-------- Data shown --------

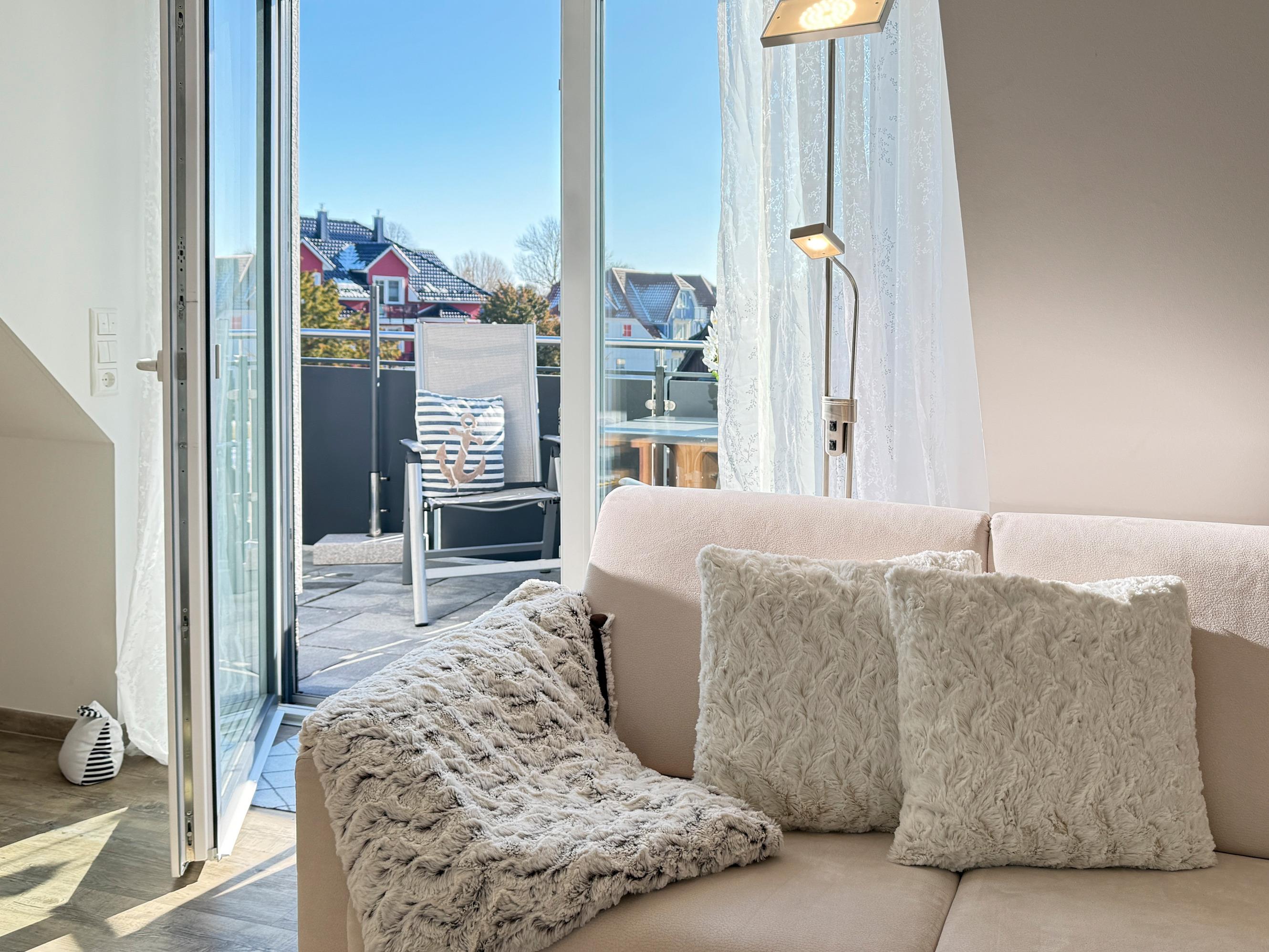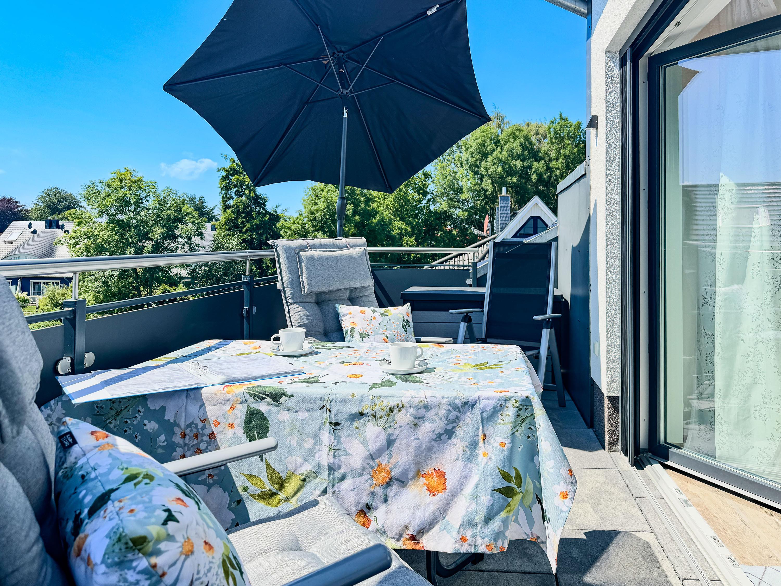 Privater Balkon: Möbliert mit Gartenmöbeln und Sonnenschirm – ideal für entspannte Stunden an der frischen Ostseeluft.
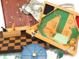 états de 'B' à 'C' - comprend notamment : roulette, jeu d'échecs, billard de table & tapis de jeu - possibilité de quelques manques - on y joint les amoureux de PEYNET sur présentoir bois
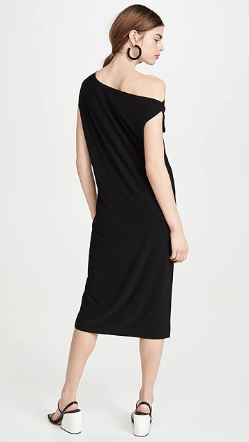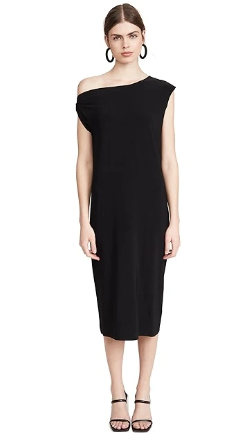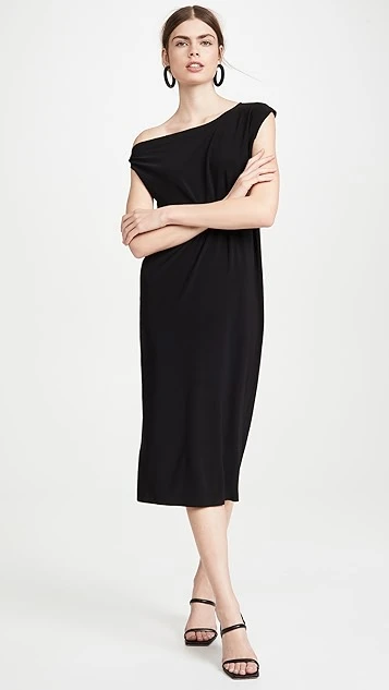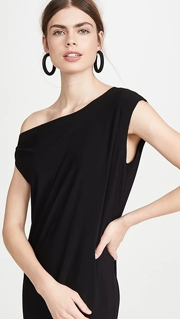A comfortable, versatile look in slinky black jersey, this Norma Kamali dress is enhanced with a one-shoulder neckline for a simple piece thatโs easy to dress up or down to suit the occasion.
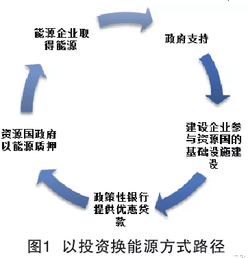 以投資換能源方式遵循“政府支持—建設企業參與資源國的基礎設施建設—政策性銀行提供優惠貸款—資源國政府以能源質押—能源企業取得能源”的路徑。以投資換能源方式依托機制化運作,形成兩國政府、政策性銀行、參與企業互動的循環過程。具體如圖1所示。
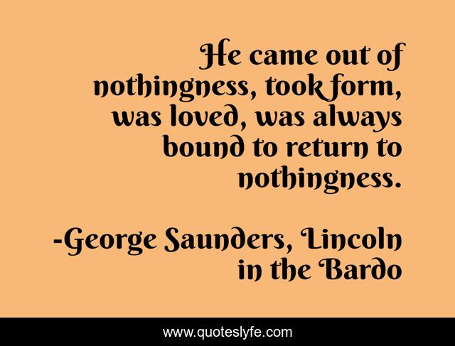 "George Saunders, Lincoln in the Bardo Quotes." Quoteslyfe.com, 2025. Sat. 06 Dec. 2025. <https://www.quoteslyfe.com/quote/He-came-out-of-nothingness-took-form-99493>.
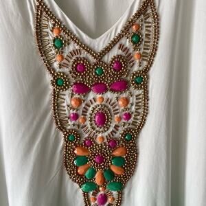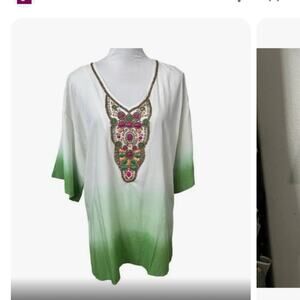Chicos Ombré Beaded Summer Tunic Blouse SZ 2 (12/14) Boho Casual Career Vacation
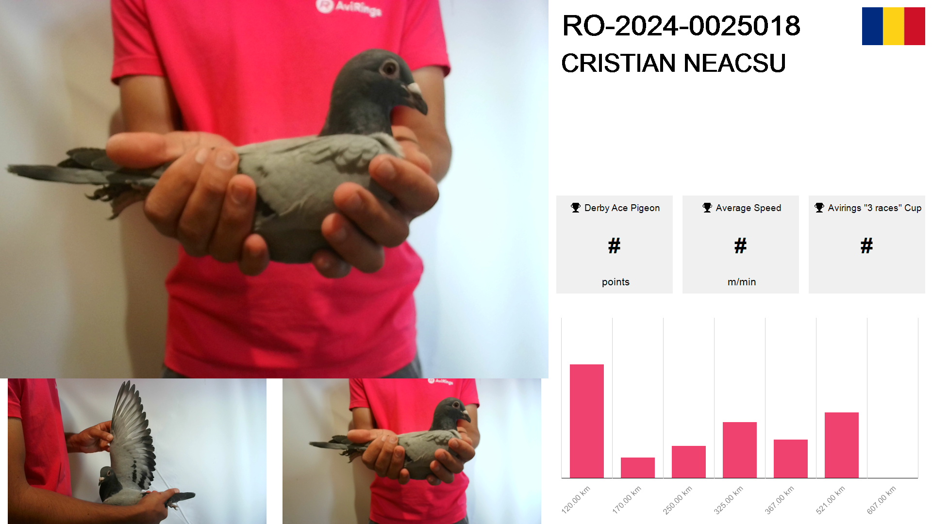 | Race | Position | Number of pigeons | Percent | Speed | Distance |
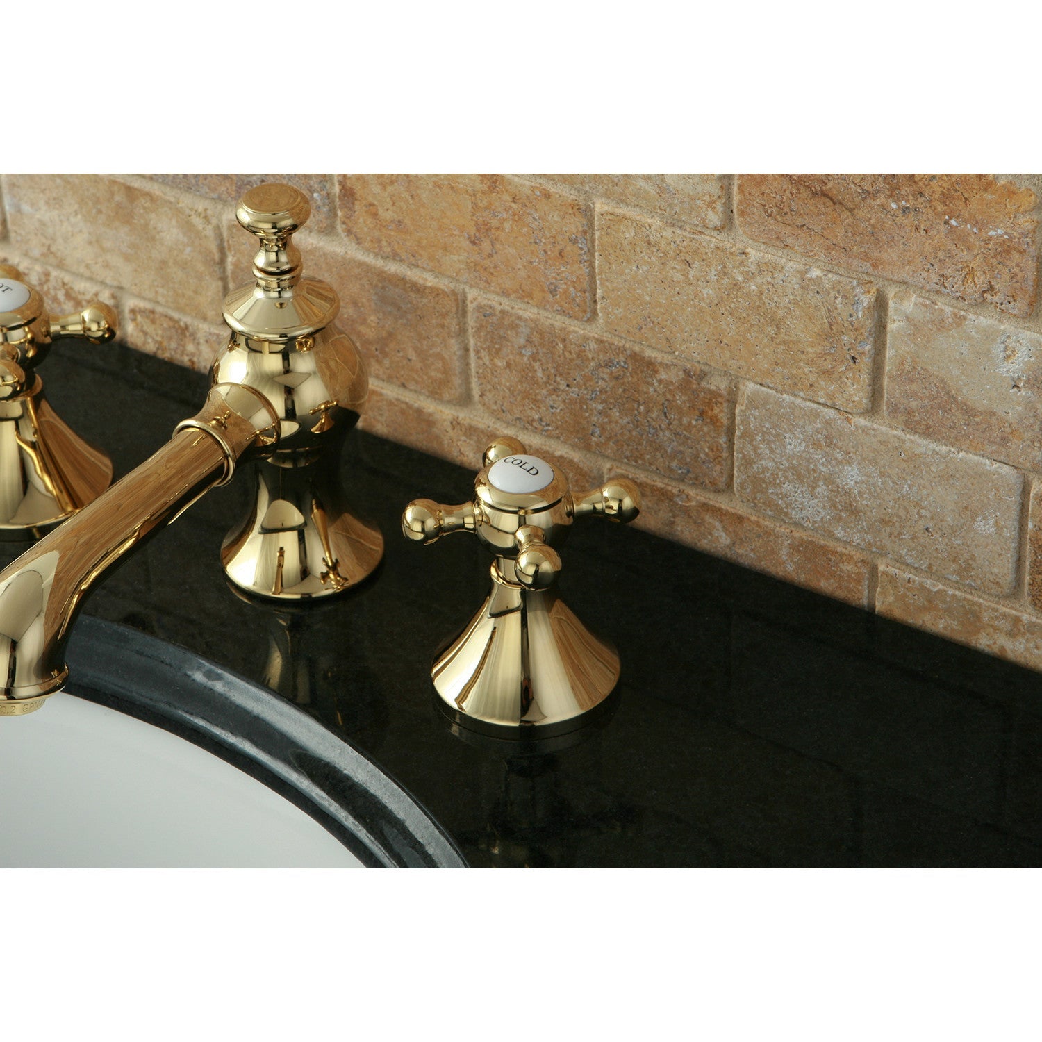 English Country KC7062BX Two-Handle 3-Hole Deck Mount Widespread Bathroom Faucet with Brass Pop-Up, Polished Brass

--------

■ What is needed
Apart from the images, print all the material above exactly as given.

■ Your solution
 Privater Balkon: Möbliert mit Gartenmöbeln und Sonnenschirm – ideal für entspannte Stunden an der frischen Ostseeluft.
 états de 'B' à 'C' - comprend notamment : roulette, jeu d'échecs, billard de table & tapis de jeu - possibilité de quelques manques - on y joint les amoureux de PEYNET sur présentoir bois
A comfortable, versatile look in slinky black jersey, this Norma Kamali dress is enhanced with a one-shoulder neckline for a simple piece thatโs easy to dress up or down to suit the occasion.
 以投資換能源方式遵循“政府支持—建設企業參與資源國的基礎設施建設—政策性銀行提供優惠貸款—資源國政府以能源質押—能源企業取得能源”的路徑。以投資換能源方式依托機制化運作,形成兩國政府、政策性銀行、參與企業互動的循環過程。具體如圖1所示。
 "George Saunders, Lincoln in the Bardo Quotes." Quoteslyfe.com, 2025. Sat. 06 Dec. 2025. <https://www.quoteslyfe.com/quote/He-came-out-of-nothingness-took-form-99493>.
Chicos Ombré Beaded Summer Tunic Blouse SZ 2 (12/14) Boho Casual Career Vacation
 | Race | Position | Number of pigeons | Percent | Speed | Distance |
 English Country KC7062BX Two-Handle 3-Hole Deck Mount Widespread Bathroom Faucet with Brass Pop-Up, Polished Brass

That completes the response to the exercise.